3.3. All-Cause Mortality

To evaluate the effectiveness of HD compared with SD anticoagulation, we extracted data about all-cause mortality reported between 21 and 30 days in 12 of the included RCTs [19,21,22,23,24,25,50,52,53,54,55,56]. This primary outcome occurred in 232 out of 1525 patients assigned to the HD group and 235 out of 1405 patients assigned to the SD group, which indicated no significant difference (OR 0.83, 95% CI [0.54–1.28], p = 0.3748; I² = 41%, p = 0.06].

3.3.1. Different Dosing Regimens in Moderate and Severe Disease

There was little or no effect between the SD and the HD groups when we assessed the severe disease and moderate disease cohort separately (OR 0.84 [95% CI 0.53–1.33] and OR 1.00 [95% CI 0.41–2.33], respectively) (Figure 2A).

Figure 2.

All-cause mortality in different dosing regimens in moderate and severe disease cohorts [19,21,22,23,24,25,50,52,53,54,55,56]. (A) All-cause mortality in severe and moderate disease cohorts; (B) all-cause mortality in cohorts where intermediate or therapeutic dose was used in the HD group.

We found no effect of HD compared with SD in the case of intermediate dose anticoagulation used as HD with OR 1.08 [95% CI 0.44–2.65]. In the case of therapeutic anticoagulation administered in the HD group, the pooled effect was 0.72 OR [95% CI 0.40–1.31], showing little or no effect. The overall pooled effect of the two cohorts was an OR of 0.85 [95% CI 0.55–1.31, p = 0.4237] (Figure 2B).

3.3.2. Different D-Dimer Levels in the Included Trials

The cohort with D-dimer levels <1 mg/mL [22,23,24,52,54] showed no significant difference between the HD and the SD groups (OR 1.19 [95% CI 0.67–2.11]).
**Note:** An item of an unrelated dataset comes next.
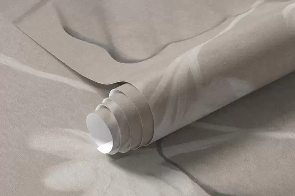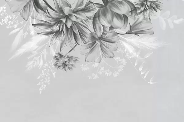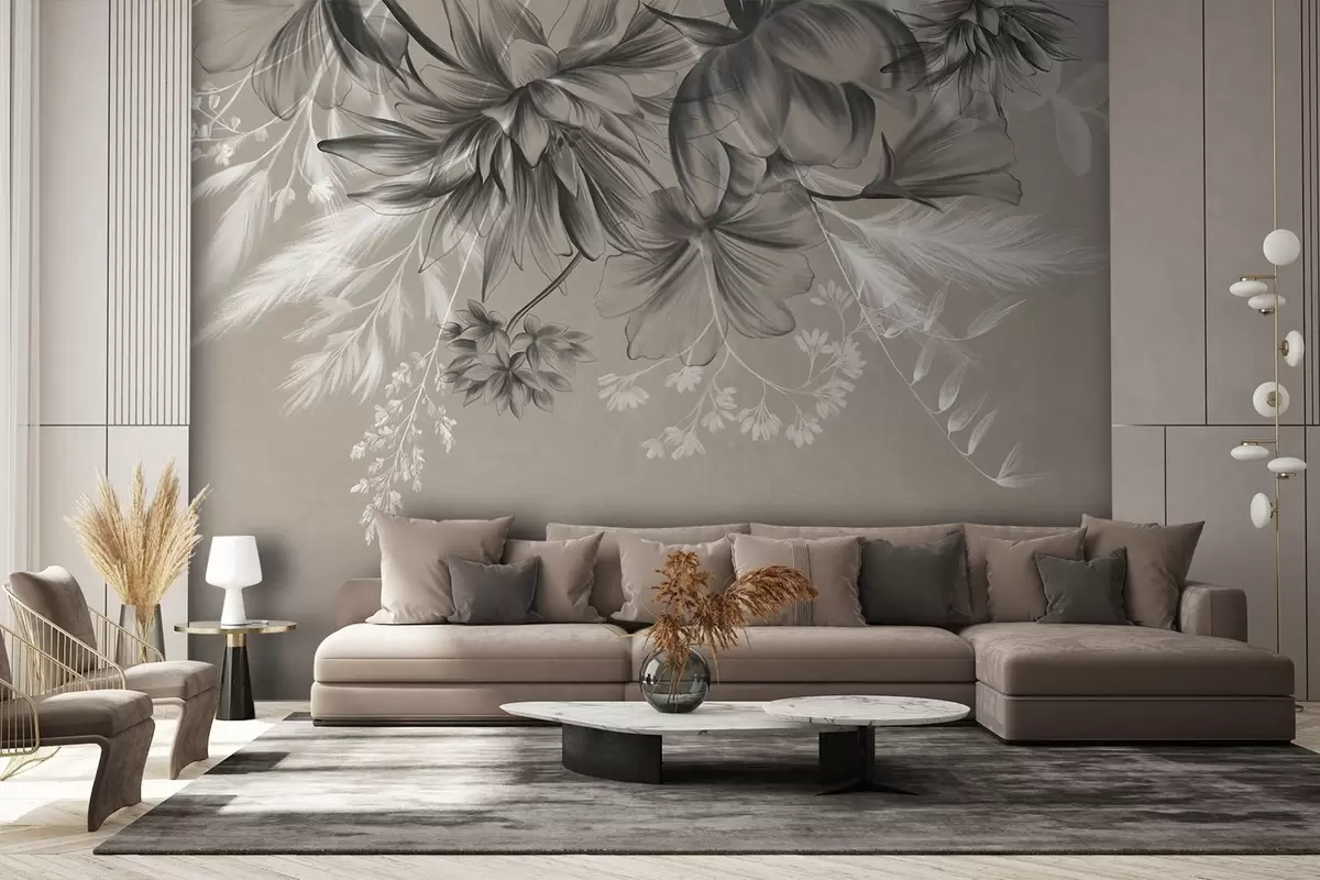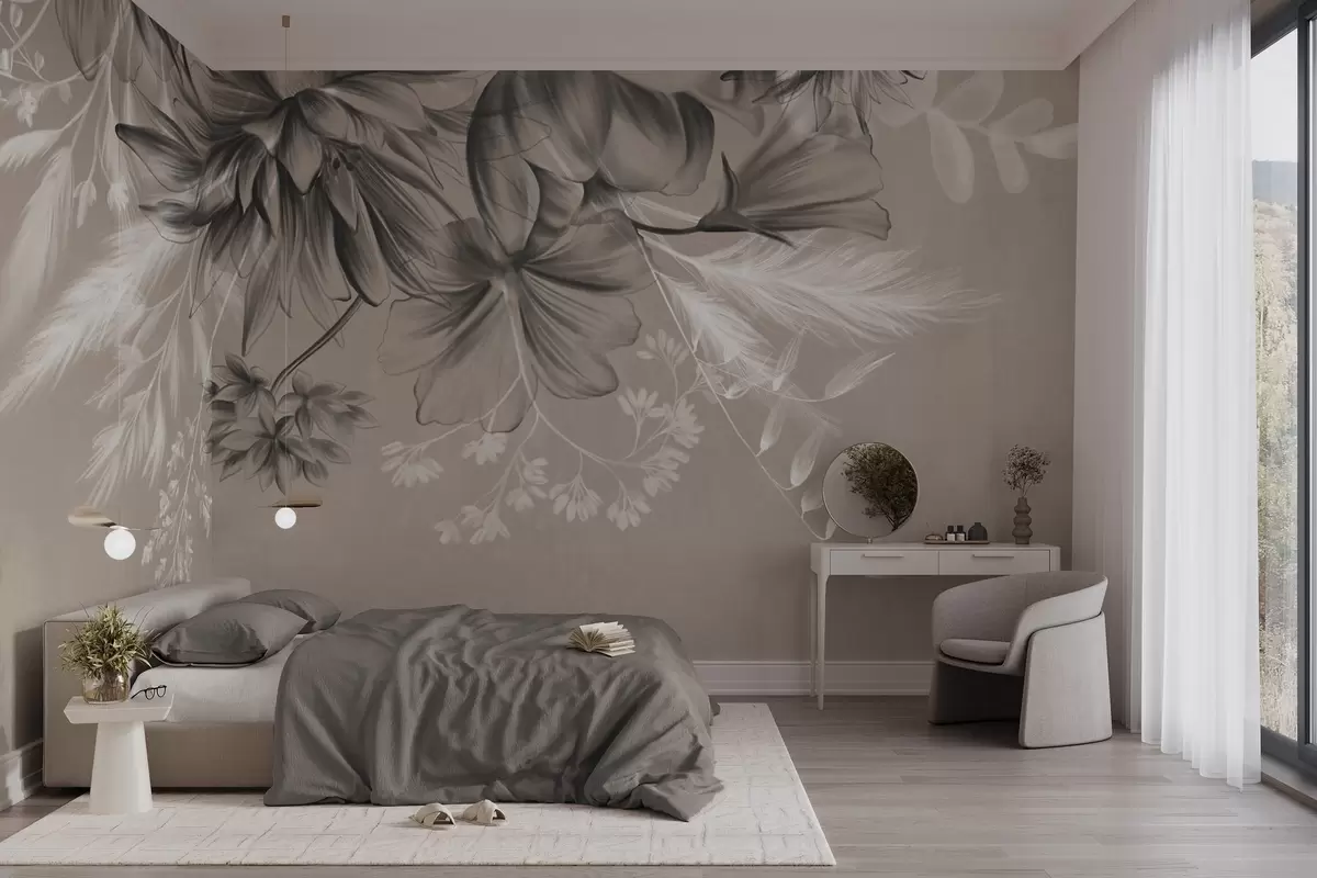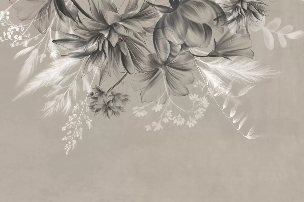 Fototapet Texturerade blommor och ormbunkar i mörkgrå och vita nyanser mot en dämpad beige bakgrund, teckningsstil Nr. w09644

Although nonsignificant, there is a tendency towards a decreased number of events in the HD group (OR 0.56 [95% CI 0.31–1.00]) in the case of the cohort with D-dimer >1 mg/mL [19,21,25,50,53,54,56]. The overall effect in the cohorts was an OR of 0.83 [95% CI 0.51–1.32, p = 0.3914] (Figure 3).

Figure 3.

All-cause mortality in cohorts with different baseline D-dimer levels [19,21,22,23,24,25,50,52,53,54,55,56].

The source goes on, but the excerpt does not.